Manning Will Ask Obama for Pardon

Tells defense team: 'It's OK ... I'm going to be all right'
By John Johnson,  Newser Staff
Posted Aug 21, 2013 6:36 PM CDT
Manning Will Ask Obama for Pardon
Army Pfc. Bradley Manning wears handcuffs as he is escorted into a courthouse in Fort Meade, Md., Wednesday.   (AP Photo/Patrick Semansky)

With his 35-year sentence for leaking military secrets, Bradley Manning should be eligible for parole in seven years, reports the Guardian. But the 25-year-old is hoping for an even shorter stay: His defense team will formally ask President Obama for a pardon next week. The chances of success are right about zero, but Mannng already has written his personal plea to the president, says attorney David Coombs:

  • "When I chose to disclose classified information, I did so out of a love to my country and a sense of duty to others. If you deny my request for a pardon, I will serve my time knowing that sometimes you have to pay a heavy price to live in a free society."
Coombs also relays that everyone on the defense team was emotional after the sentencing—except for Manning. "He looked to us and said: 'It's OK. I'm going to move forward and I'm going to be all right.'"

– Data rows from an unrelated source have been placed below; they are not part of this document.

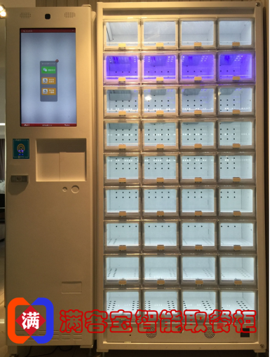 滿客寶智能取餐柜外觀類似超市儲物柜,智能恒溫控制,配合滿客寶智慧食堂使用,用于存放用戶預訂的食品,用戶憑借取餐碼或二維碼到到餐柜自取食品,即刻用餐。
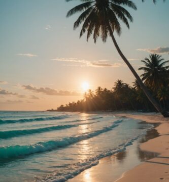 4K Beach Serene Tropical Sunset with Palm Trees and Gentle Waves for a Peaceful Escape
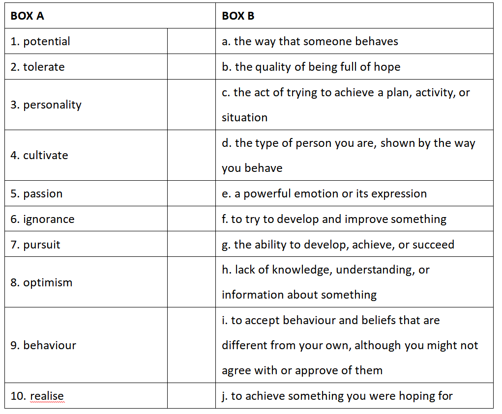 1. Match the words and expressions1-10in box A with a suitable definition a-j in box B.
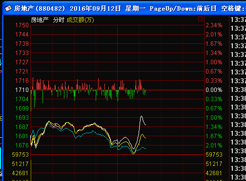 13:40:18 刚地产分时图小拉下,不过其他的板块分时图没怎么跟风,于是指数没弹出什么效果

Reaction to the verdict is predictably all over the map:

  • Too light: "Manning is lucky he did not receive life, which he should have," writes Ryan Evans at the National Interest. "The sympathy for this 'troubled young man' is emblematic of a post-accountability society. No one, it seems, is to be held responsible for their actions any longer. Instead, blame is shifted to a difficult childhood, bullying, loneliness, or—my personal favorite—'the system.'"
  • Too severe: "Manning's harsh sentence and the government's despotic desire to 'send a message' represents yet another dismal step toward secrecy from a presidential administration that once pledged to be the 'most transparent in history,'" write Jesselyn Radack and Kathleen McClellan at CNN.
  • Just right: "Assuming that Manning is released on parole after a reasonable time, the sentence imposed by Col. Denise Lind strikes a reasonable balance between the damage Manning did to national security and the service he performed by exposing certain matters to public attention," write the editors at the LA Times.